Я тут же представила маму, разодетую в этот ромашковый шелк… В руке платочек, а промытые волосы желтые, не серые, нет! И она, как когда-то, улыбается прекрасной своей улыбкой… Я вижу и себя: как рассказываю Анупрасу-пивовару, что это за платье у мамы… Ведь Анупрас слепой. Видеть он не видит, но все ему интересно… Даже цвета. Не странно ли? Я ему часто рассказываю, кто во что одет.
Но когда это будет? Когда мама сошьет это платье, а я смогу рассказать о нем? Небось будет держать и держать отрез в шкафу.
Ботинок у Ляксандры, как нарочно, не было. Знать бы, что Марителе понадобятся, непременно привез бы. Ну ничего, в другой раз. Не забудет такой хорошей девочке… А я про себя радовалась, что ботинок не нашлось и отец меньше задолжает Шаучукенасу.
— Насчет денег, сосед, попрошу…
Отец не успел сказать, что отдаст потом. Ляксандра замахал обеими руками, словно загоняя обратно в будку своего злого пса. Какие могут быть разговоры? Соседи, сколько лет обок прожили… Наша вишня в его огород перевесилась. Его белый налив к нашему колодцу ветви тянет… А помнит отец, как они, двое на всю деревню, винтовки наготове держали? Под кроватью держали, если чуть что… если один выстрелит, чтобы другой на помощь подоспел… Так и не сунулись бандиты в конец деревни…

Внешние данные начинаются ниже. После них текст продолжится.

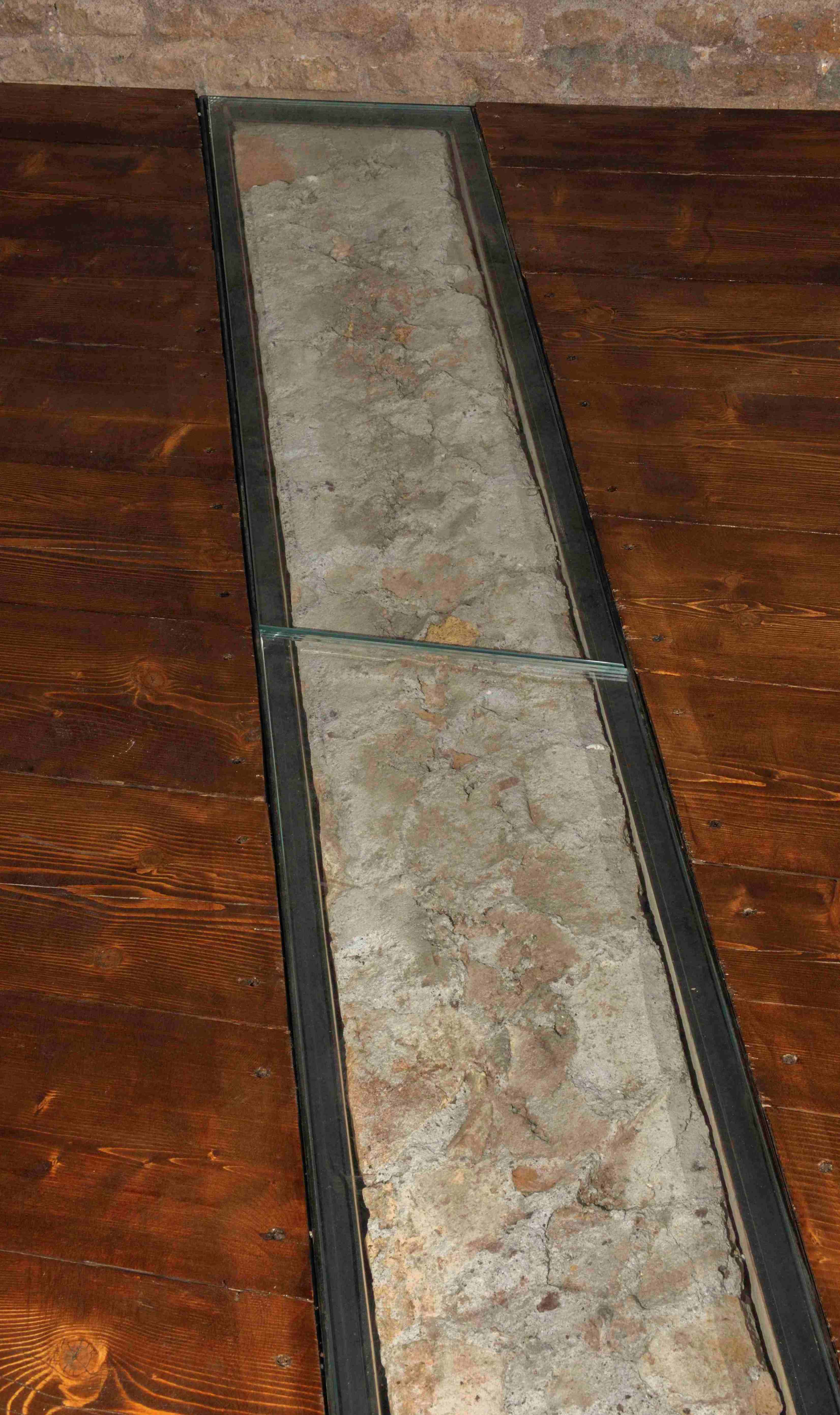 Il pavimento della cappella è stato realizzato mediante un tavolato di castagno, ottenuto con il riuso di tavole da ponte, opportunamente rilavorate e trattate, dove si inseriscono lastre di cristallo stratificato antisfondamento che lasciano a vista parte delle strutture archeologiche.

Неужели Александрас, спекулянт Ляксандра, держал винтовку наготове против бандитов, как и мой отец? Шаучукенас ведь спекулянт, хоть отца квасом, а меня огурцом с медом угощал! Правда, он колхозник, престарелый колхозник, но все смеются над этой «престарелостью»… «В старики записался, чтобы спекулировать сподручнее!» — хмыкают люди. Эле за двоих в колхозе трудится, но Эле — одно, а он — другое.
Неужели у Шаучукенаса, который целыми днями слоняется по своему двору вокруг яблонь и ульев, была винтовка? И он не испугался мести бандитов? Сейчас ведь мальчишек боится, чтобы в огурцы не забрались, так как же он не боялся бандитов?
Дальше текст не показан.